START Data for analysis

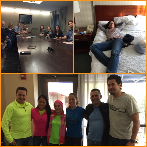 We decided to go to a movie to be able to relax. I wanted to take my mind off of the race. We ended up at this really nice movie theaters. We were already a little late (20 min late), so we quickly ran in. We didn’t see anyone at the ticket booth and decided to go into the movie. We soon realized we had the balcony seats to ourselves. Yes, at this point we didn’t pay. We watched the movie (Martian) first and as we walked out realized that we went through a VIP door. We did go to the correct place to pay for our movie after. The ladies were confused when Corom kept trying to buy a movie for the 11:00 a.m. Showing when it was almost 2. I will say he messed around with them but that wouldn’t surprise anyone that knows Corom. They were grateful that we did come back to pay… We shared a hamburger from Kings restaurant and then headed back to our hotel. I am getting way nervous!   I was able to get a 20 minute catnap in. I put the headphones in, listened to the piano guys and nodded off. We packed our things for the night and all my race stuff, then headed into downtown to be closer to the starting line. We met up with Janae & Ken, Kathryn & Bill MacLeod, Emily Jameson & Jasmine Sessions for a “Utah” dinner. Janae, Emily and Jasmine are also trying to Qualify for the Olympic trials. It was nice meeting up with friends from home. (None of us made it but we all had fun.) The restaurant sent us to the business conference room… We had a pretty good laugh! I ate chicken parmesan… So good!  The group below these 2 picture was a Costa Rica team. They are staying in the same hotel we are staying in. We became friends with them pretty quickly. Corom served his LDS mission in Costa Rica. We will be going out there soon… They want to meet up and take us around on their running routes. They were a fun group.  After dinner, Corom and I made our way across the city to Abbey & Ryan’s house. We have never met them… My friend Stephanie knew Abbey through her Jamberry (nails) business (they have never met in person, either). Abbey and Ryan volunteered to take us in after a post Stephanie posted on Facebook. 🙂 They were awesome! That is something Corom and I would do. I slept well there and had a nice early morning wake up alarm…
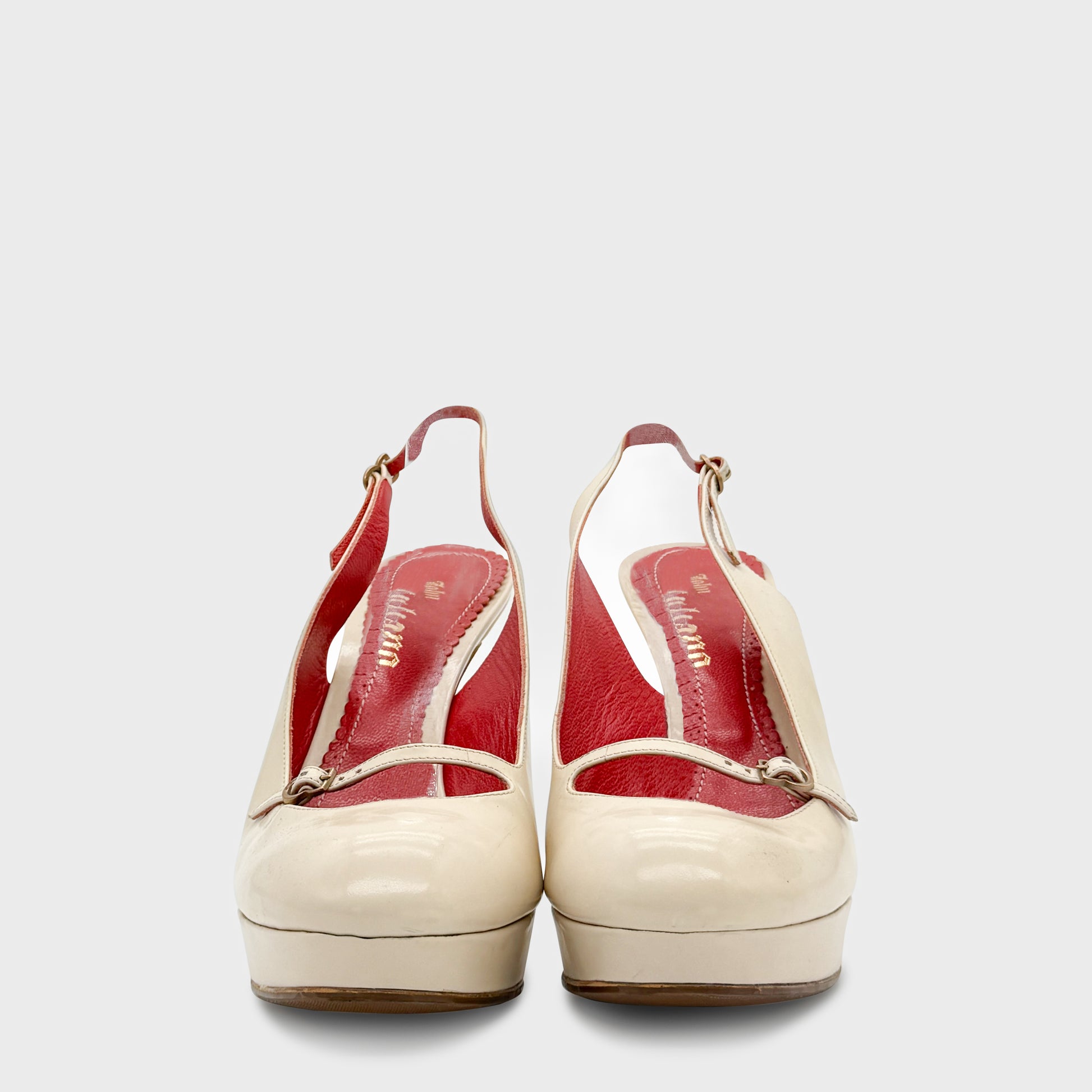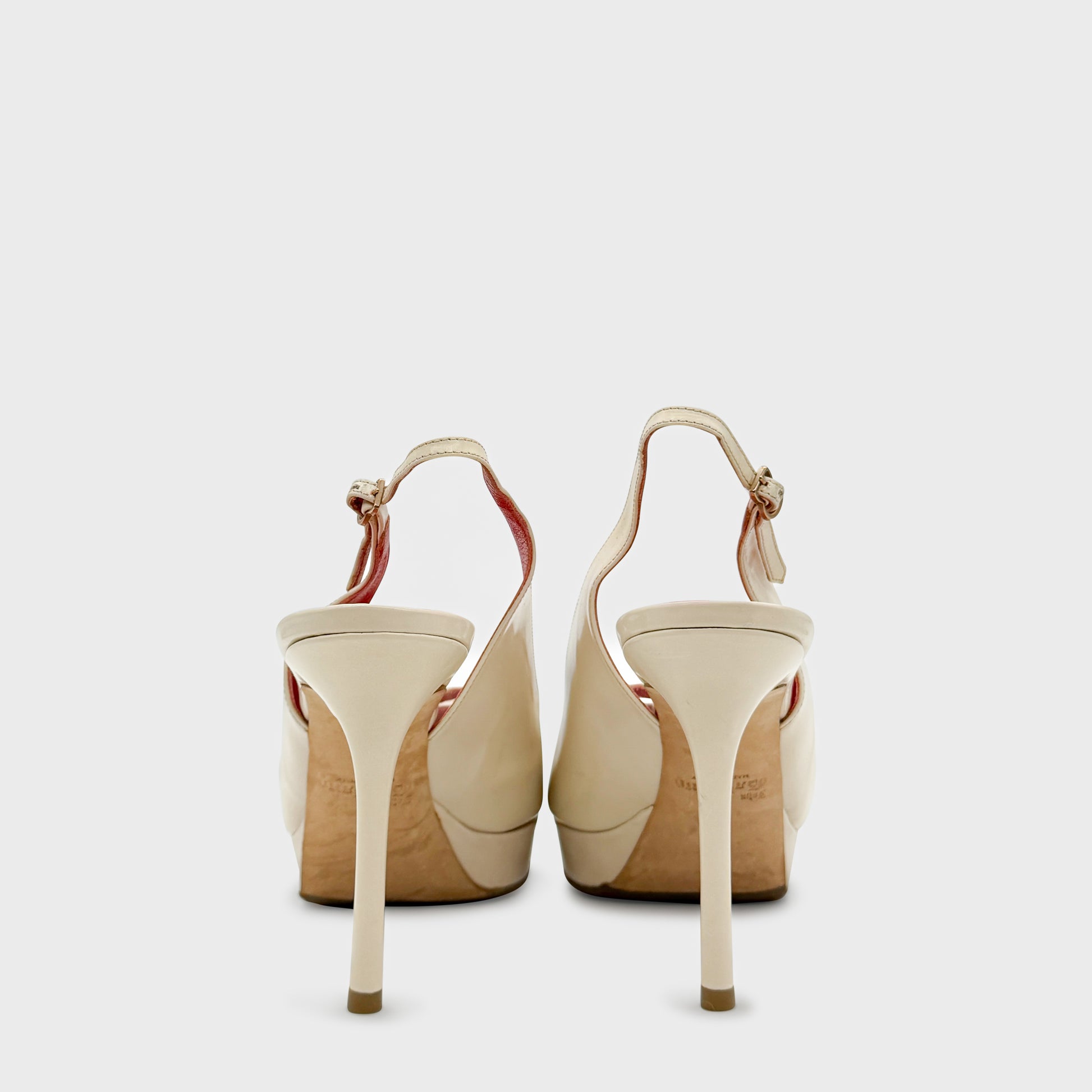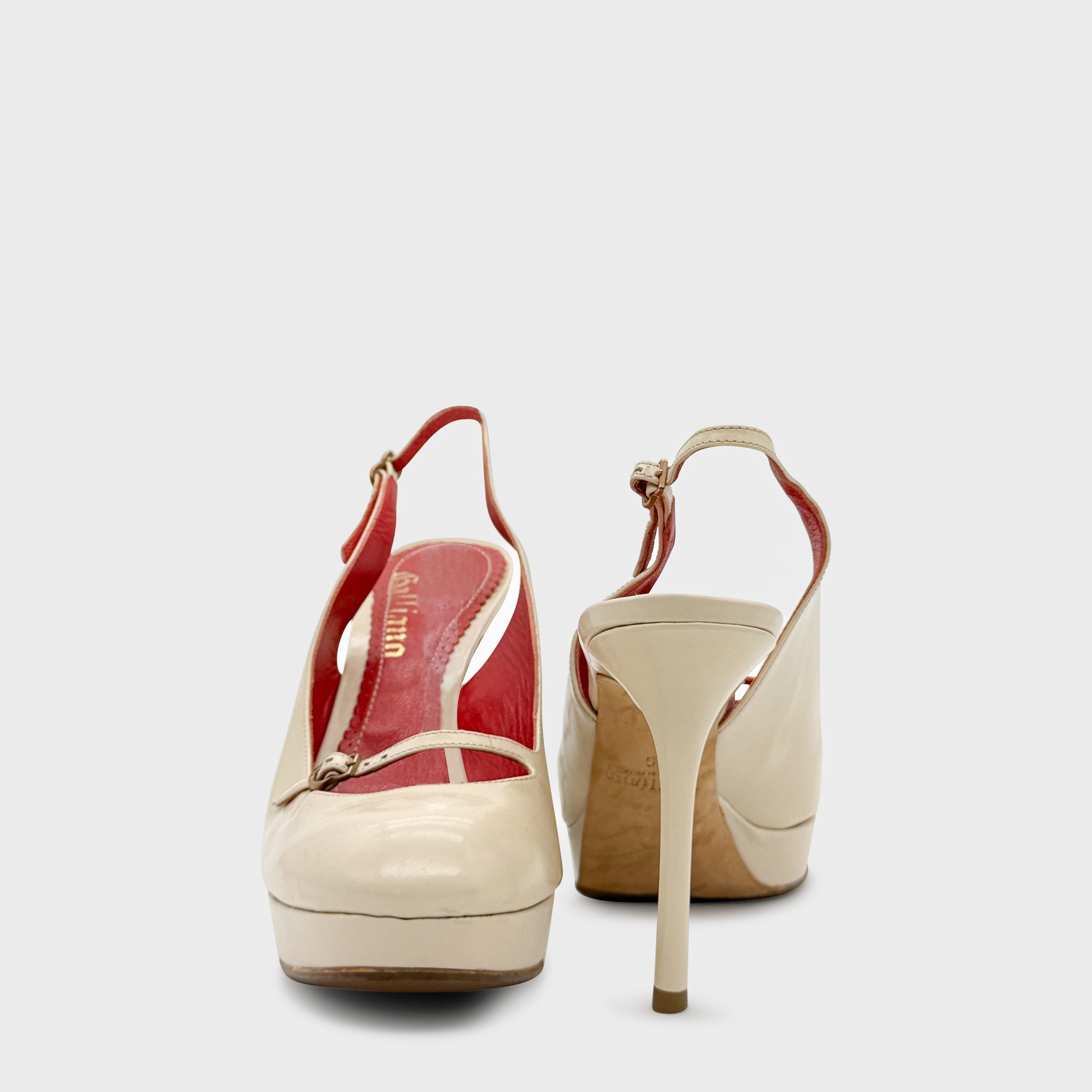 Escarpins slingback à plateforme en cuir verni ivoire, doublure rouge contrastée, bride fine sur le cou-de-pied et talon aiguille élancé. Une silhouette sensuelle et graphique, typique du Galliano post-Dior : féminité assumée, lignes nettes et détail couture qui capte l’œil sans en faire trop.
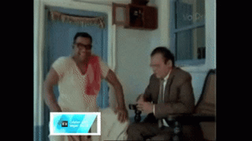 Kota Sriniivas Rao gestures animatedly while talking to a man in a suit, in a scene from 'Aha Na Pellanta'.
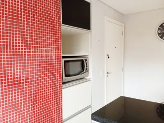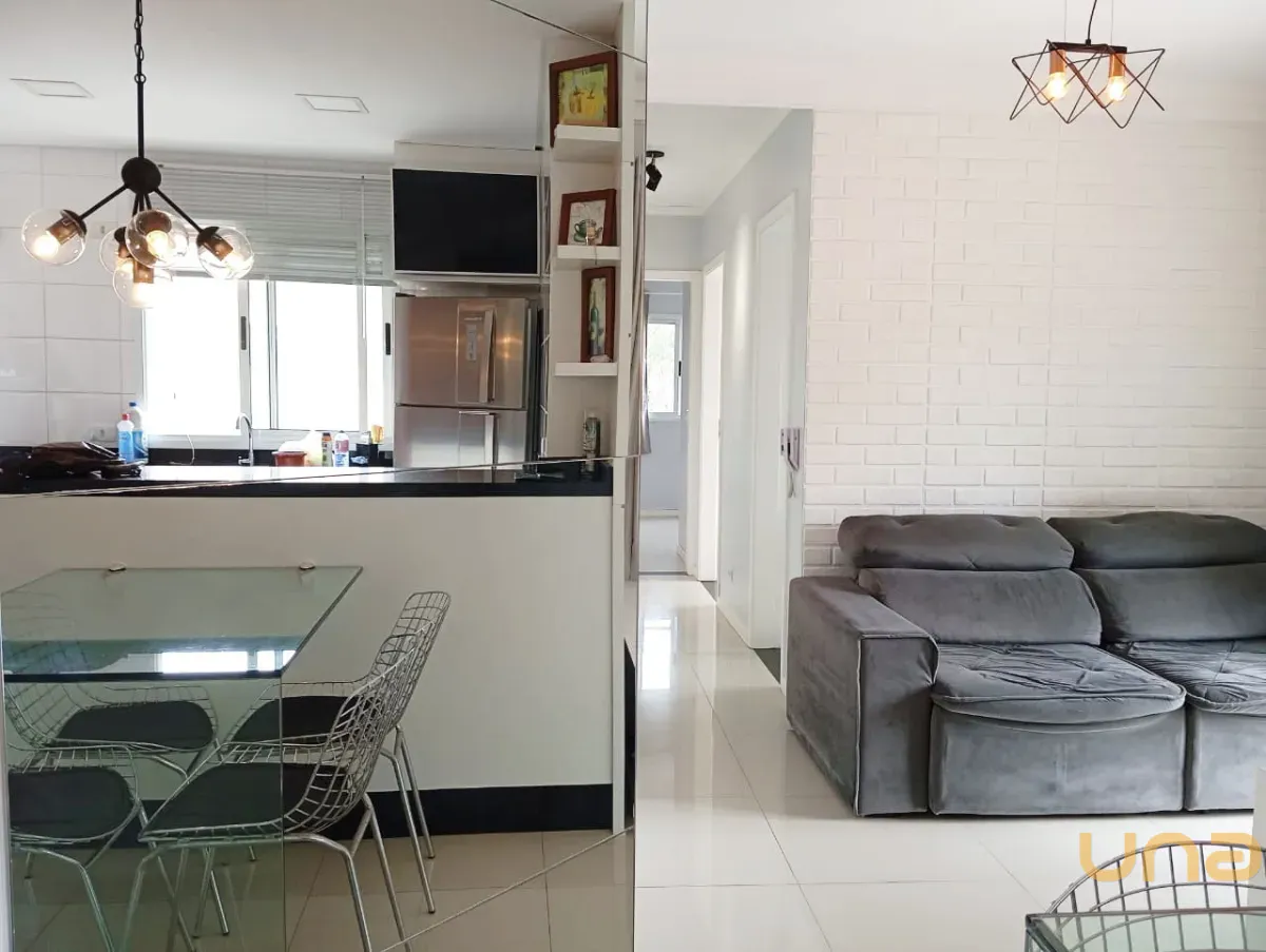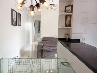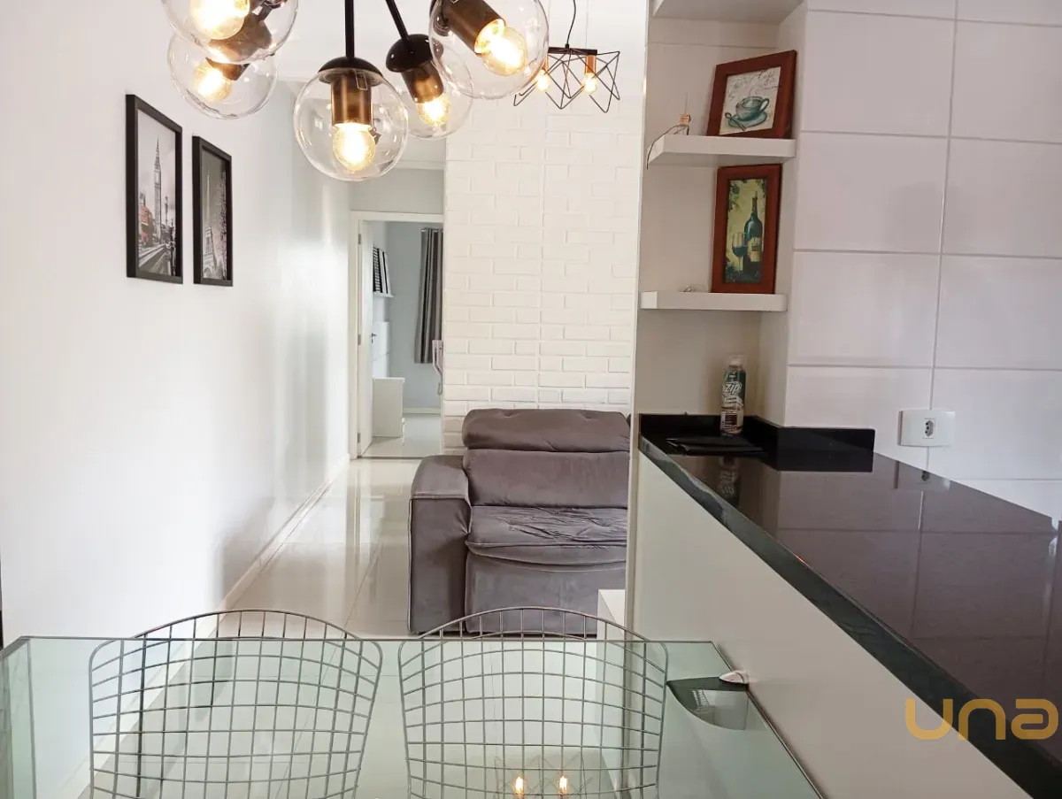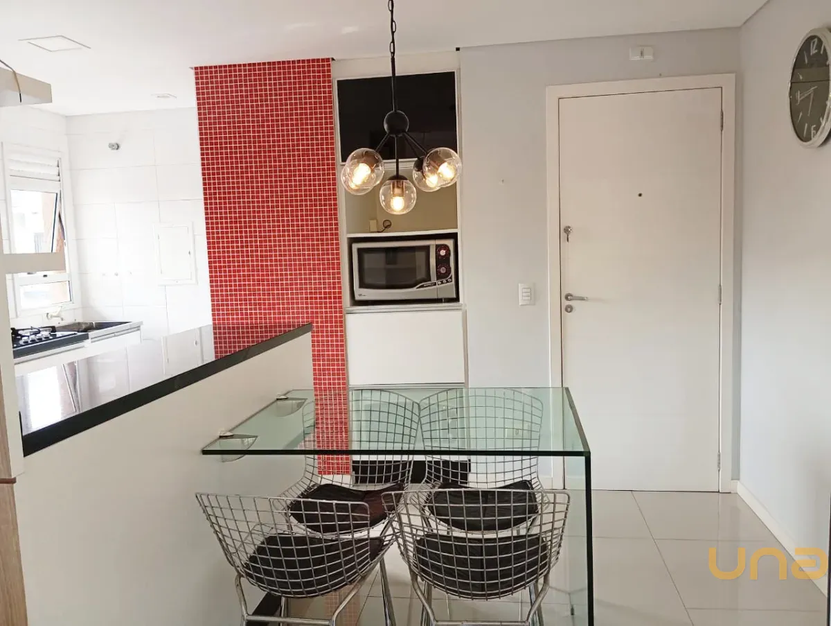 sala de estar para 02 ambientes mesa, 04 cadeiras, sofá, cozinha com armários planejados de ótima qualidade, geladeira, ampla sacada com churrasqueira, 02 dormitórios, sendo 01 com armários, banheiro social com box, parede com pastilha e 01 vaga de estacionamento descoberta para uso de carro pequeno.
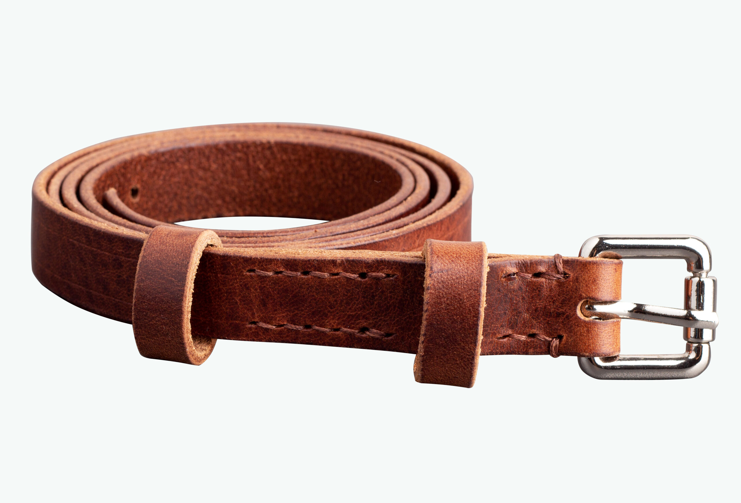 Hand-stitched belt with a convenient small buckle.
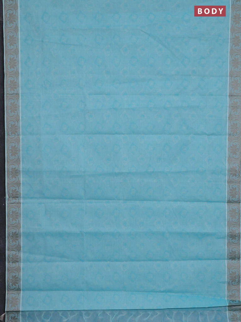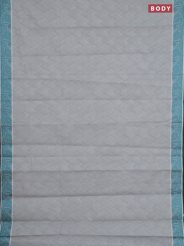 Coimbatore cotton saree grey and teal green with allover self emboss and thread woven border

END Data for analysis

**Work to be completed**
Return the data word for word without its pictures.

**Answer to this task**
 We decided to go to a movie to be able to relax. I wanted to take my mind off of the race. We ended up at this really nice movie theaters. We were already a little late (20 min late), so we quickly ran in. We didn’t see anyone at the ticket booth and decided to go into the movie. We soon realized we had the balcony seats to ourselves. Yes, at this point we didn’t pay. We watched the movie (Martian) first and as we walked out realized that we went through a VIP door. We did go to the correct place to pay for our movie after. The ladies were confused when Corom kept trying to buy a movie for the 11:00 a.m. Showing when it was almost 2. I will say he messed around with them but that wouldn’t surprise anyone that knows Corom. They were grateful that we did come back to pay… We shared a hamburger from Kings restaurant and then headed back to our hotel. I am getting way nervous!   I was able to get a 20 minute catnap in. I put the headphones in, listened to the piano guys and nodded off. We packed our things for the night and all my race stuff, then headed into downtown to be closer to the starting line. We met up with Janae & Ken, Kathryn & Bill MacLeod, Emily Jameson & Jasmine Sessions for a “Utah” dinner. Janae, Emily and Jasmine are also trying to Qualify for the Olympic trials. It was nice meeting up with friends from home. (None of us made it but we all had fun.) The restaurant sent us to the business conference room… We had a pretty good laugh! I ate chicken parmesan… So good!  The group below these 2 picture was a Costa Rica team. They are staying in the same hotel we are staying in. We became friends with them pretty quickly. Corom served his LDS mission in Costa Rica. We will be going out there soon… They want to meet up and take us around on their running routes. They were a fun group.  After dinner, Corom and I made our way across the city to Abbey & Ryan’s house. We have never met them… My friend Stephanie knew Abbey through her Jamberry (nails) business (they have never met in person, either). Abbey and Ryan volunteered to take us in after a post Stephanie posted on Facebook. 🙂 They were awesome! That is something Corom and I would do. I slept well there and had a nice early morning wake up alarm…
 Escarpins slingback à plateforme en cuir verni ivoire, doublure rouge contrastée, bride fine sur le cou-de-pied et talon aiguille élancé. Une silhouette sensuelle et graphique, typique du Galliano post-Dior : féminité assumée, lignes nettes et détail couture qui capte l’œil sans en faire trop.
 Kota Sriniivas Rao gestures animatedly while talking to a man in a suit, in a scene from 'Aha Na Pellanta'.
 sala de estar para 02 ambientes mesa, 04 cadeiras, sofá, cozinha com armários planejados de ótima qualidade, geladeira, ampla sacada com churrasqueira, 02 dormitórios, sendo 01 com armários, banheiro social com box, parede com pastilha e 01 vaga de estacionamento descoberta para uso de carro pequeno.
 Hand-stitched belt with a convenient small buckle.
 Coimbatore cotton saree grey and teal green with allover self emboss and thread woven border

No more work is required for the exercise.